Related to INKT (Invariant natural killer T cells) as a COVID-19 therapy

1. What are INKT cells and how do they work?

INKT cells, also known as invariant natural killer T cells, are a type of immune cell that play a critical role in the body's defense against infections and diseases. They are a specialized type of T cell that can recognize and respond to a wide range of foreign invaders, including viruses, bacteria, and cancer cells. INKT cells work by releasing cytokines, which are signaling molecules that activate other immune cells to fight off the infection.

2. How can INKT cells be used as a therapy for COVID-19?

Recent studies have shown that INKT cells may be effective in treating COVID-19. These cells have the ability to recognize and respond to the SARS-CoV-2 virus, which causes COVID-19, and can potentially help to reduce the severity of the disease. INKT cells can also regulate the immune response, preventing it from becoming too aggressive and causing damage to the body's own tissues.

3. What evidence supports the use of INKT cells as a COVID-19 therapy?

Several studies have shown promising results in using INKT cells as a therapy for COVID-19. In one study, researchers found that patients with severe COVID-19 had significantly lower levels of INKT cells compared to healthy individuals. Additionally, a clinical trial using INKT cells to treat severe COVID-19 patients showed promising results, with improved clinical outcomes and a decrease in inflammatory markers.

4. Are there any potential risks or side effects associated with using INKT cells as a COVID-19 therapy?

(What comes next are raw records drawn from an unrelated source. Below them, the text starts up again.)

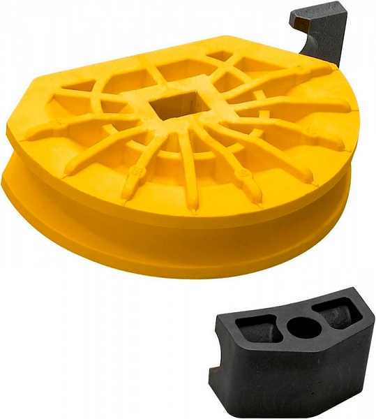 - Гибочные сегменты и упоры скольжения 180°, прочные и стойкие к деформации, из высокопрочного, усиленного стекловолокном полиамида. Оптимальное согласование гибочного сегмента и упора обеспечивает скольжение в соответствии с материалом без образования гофры и заломов. Шкалы угла на каждом сегменте и маркировка на каждом упоре для более точного изгиба. Быстрая смена насадок.
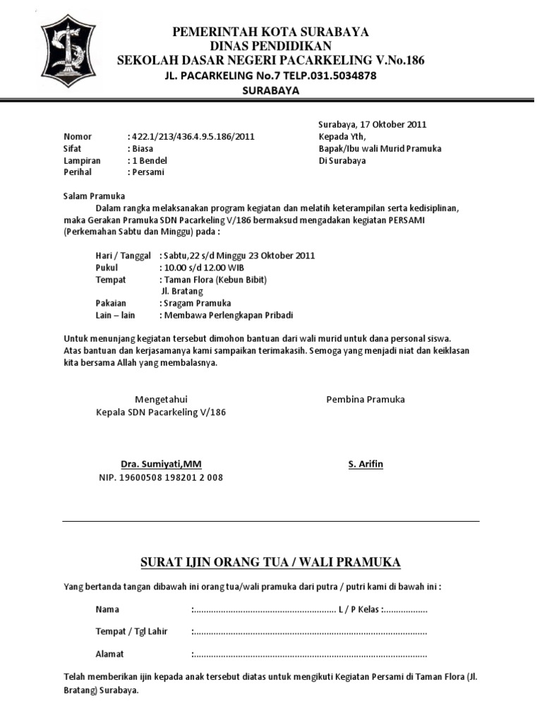 Contoh Surat Izin Orang Tua Untuk Mengikuti Kegiatan Pramuka Nusagates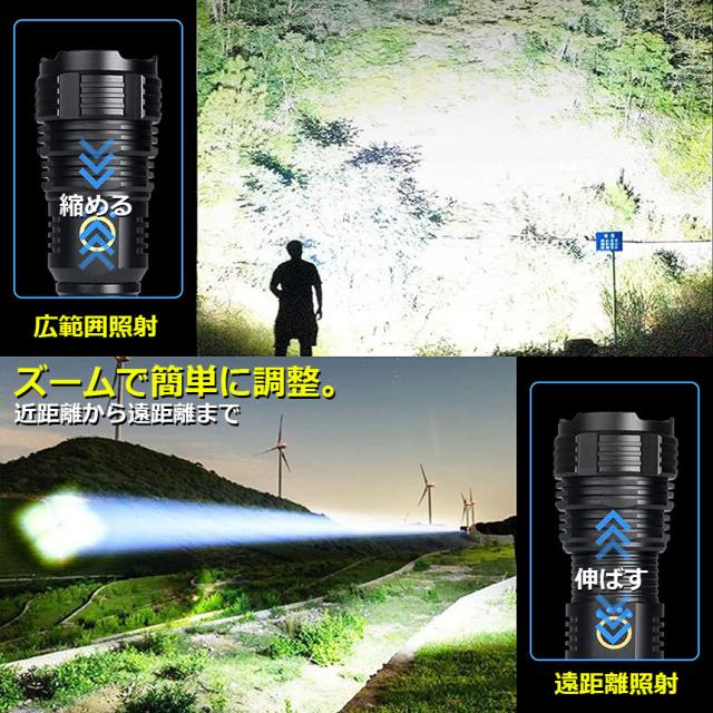 【超高輝度LED懐中電灯/ストラップ付き】LED懐中電灯は新世代のXHP70.2ランプビーズを採用し、普通のT6 ledチップより約5倍進化し、照射距離最大約500メートル、点光源テスト1500ルーメン、射線光源10000ルーメン+ /平方フィートです。停電時に天井に光を当てると、部屋全体を簡単に照らすことができ、明るくて遠くまで照射可能です。大人の手のひら程度のコンパクトなデザインは片手で簡単に操作できます。ストラップが付いており、使用時に落下する心配はありません、持ち運びに非常に便利です。【ズーム機能搭載/5つの照明モード】ズーム機能を搭載しており、ヘッド部分を伸縮させるだけで、広範囲照射モードと遠距離照射モードの切り替えが可能です。遠距離照射モードは最大照射距離が500m、180度広範囲照射モードは暗室全体を簡単に照射できます。5つの点灯モードを搭載し、照明ボタンを押すだけで簡単に高輝度→中輝度→低輝度→点滅→SOS→OFFを切り替えできます。更に、どのモードでも、スイッチを2秒間長押しすると消灯できます。操作が簡単で便利です。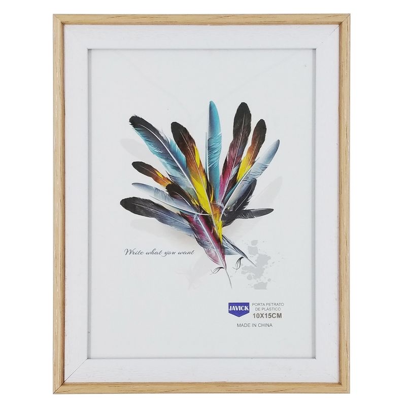 Porta Retrato - Decorativo Medidas Foto: 10x15cm Medidas Moldura: 13x18cm Composição: Plástico Cor: Marrom C/ Branco Javick Código de Barras: 7908501704614 Peso: 0,122kg Ref: P70021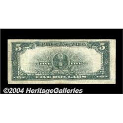Fr. 282 $5 1923 Silver Certificate Very Fine. There is a short tear at the right edge, but that is the only flaw in this attractive, perfectly natural Porthole Five. <BR><BR><B>Important notice:</B> Heritage usually auctions material at the rate of 200-250 lots per hour. On some occasions eBay Live bid software or the Internet may not be able to keep up with the pace of the auction. We recommend placing a realistic absentee bid now as insurance to avoid disappointment. Occasionally the auctioneer may eliminate or reject an eBay Live bid, and the auctioneer may also reopen a lot after the close of the eBay live bidding (usually because we missed an audience bid), and may reject your bid even if it shows you as the winning bidder. By bidding via eBay Live, you agree that Heritage may award the lot to another bidder at its sole discretion under the circumstances described above or any other reasonable circumstances. Since eBay bids are not shown to us until we open the lot on the floor, we treat those bids just like floor bids. In most cases the floor responds before the eBay bid is presented to us, due to Internet lag time, so for consistency we have made it a policy that floor bids are always considered first over tie eBay live bids. Also please note that all Heritage lots purchased through eBay Live carry a 20% Buyer's Premium. Please make sure you read the Terms and Conditions before you bid. <BR><BR><B>IMPORTANT ANNOUNCEMENT ABOUT RESERVES:</B> Heritage now divulges all reserves on its web site 7 days before every auction. If you want to know whether the reserve on this lot has been met, and if not, what the reserve amount is, please visit this lot page on the HeritageCoin.com web site, or email: bid@HeritageGalleries.com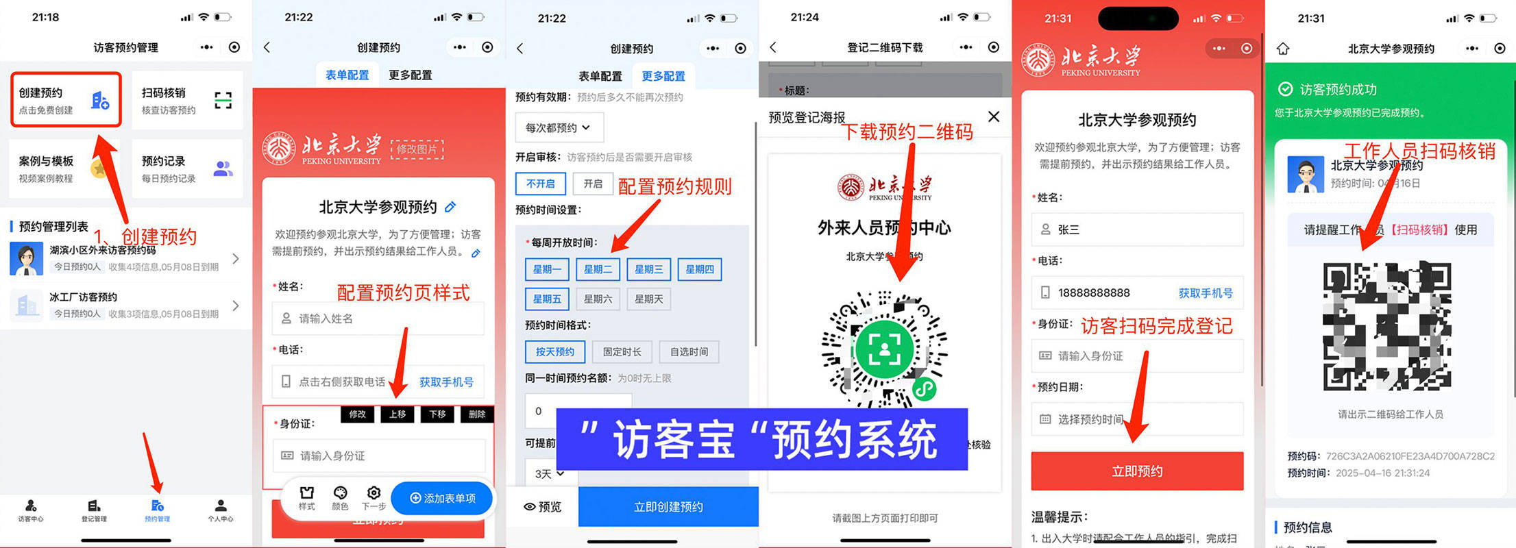 或者复制链接或者配置到公众号 - 访客提前完成预约 - 管理现场扫码核销即可。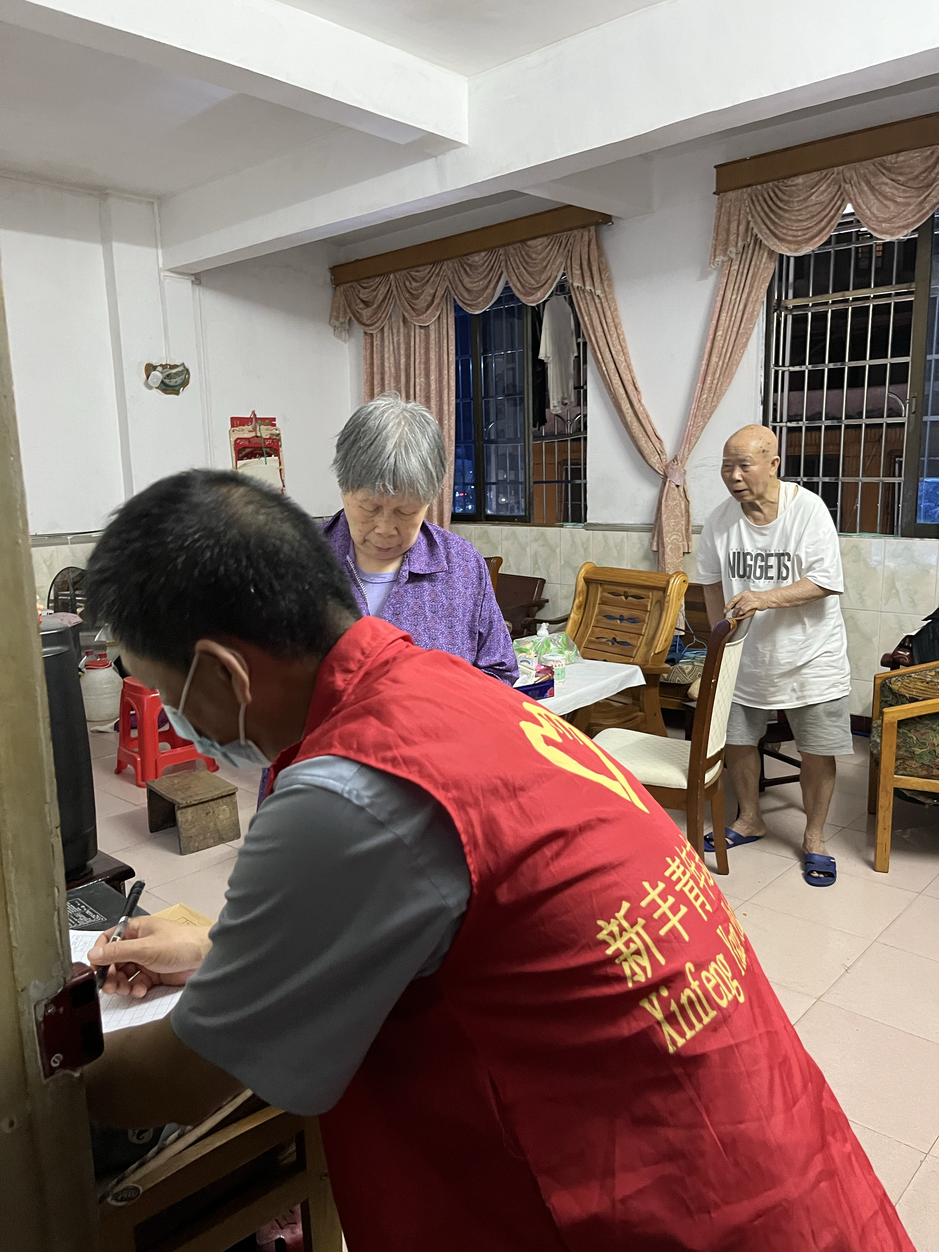 新丰县支行员工志愿者队伍迅速集结,闻令而动。为配合当地的防疫政策,新丰县支行员工志愿者队伍在白天坚守在金融一线岗位上,利用晚上空余时间深入防疫一线走访社区,挨家挨户敲门,热心登记排查。在敲门入户排查过程中,新丰县支行志愿者队伍为行动不便的老人登记疫苗接种实况,切实为群众排忧解难,群众们纷纷为邮储银行新丰县支行积极投身疫情防控的行为点赞。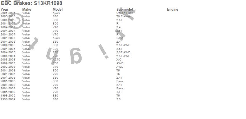 Below is an abreviated list of applications for the S13 Kits Yellowstuff and RK Rotors.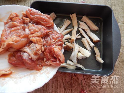杏鮑菇撕細條,烤盤涮橄欖油,擺上杏鮑菇,放上雞腿。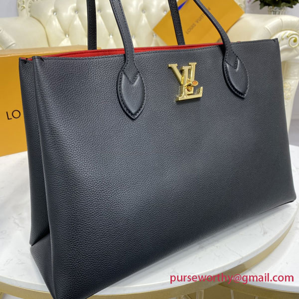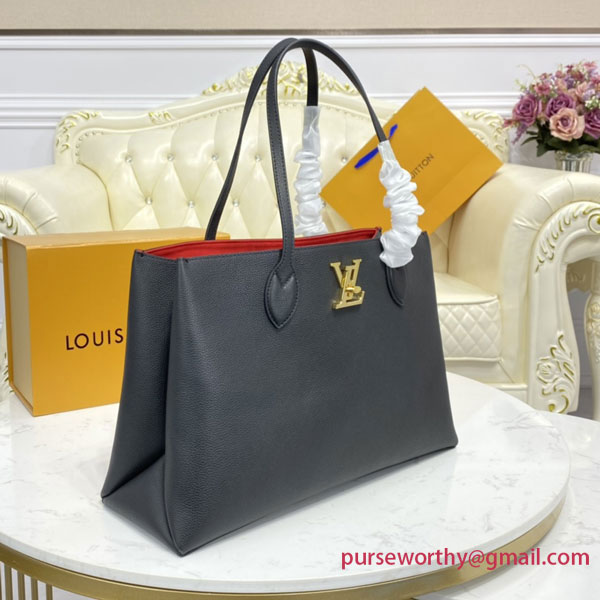 Comfortable to carry thanks to its two long leather straps, the Lockme Shopper handbag in supple calf leather is instantly recognizable by its iconic LV turn lock, which secures the closure. Rounded and folded gussets give the bag a feminine feel and make it roomy enough to hold everyday essentials, including A4 files.

As with any medical treatment, there are potential risks and side effects associated with using INKT cells as a COVID-19 therapy. Some potential risks include an allergic reaction to the cells, and the possibility of the cells causing an excessive immune response. However, these risks can be minimized through careful screening and monitoring of patients.

5. What is the current status of using INKT cells as a COVID-19 therapy?

While there is still ongoing research and clinical trials being conducted, the use of INKT cells as a COVID-19 therapy is showing promising results. However, more studies are needed to fully understand the potential of INKT cells and their safety and effectiveness as a treatment for COVID-19. It is important to continue following public health guidelines and getting vaccinated to prevent the spread of the virus.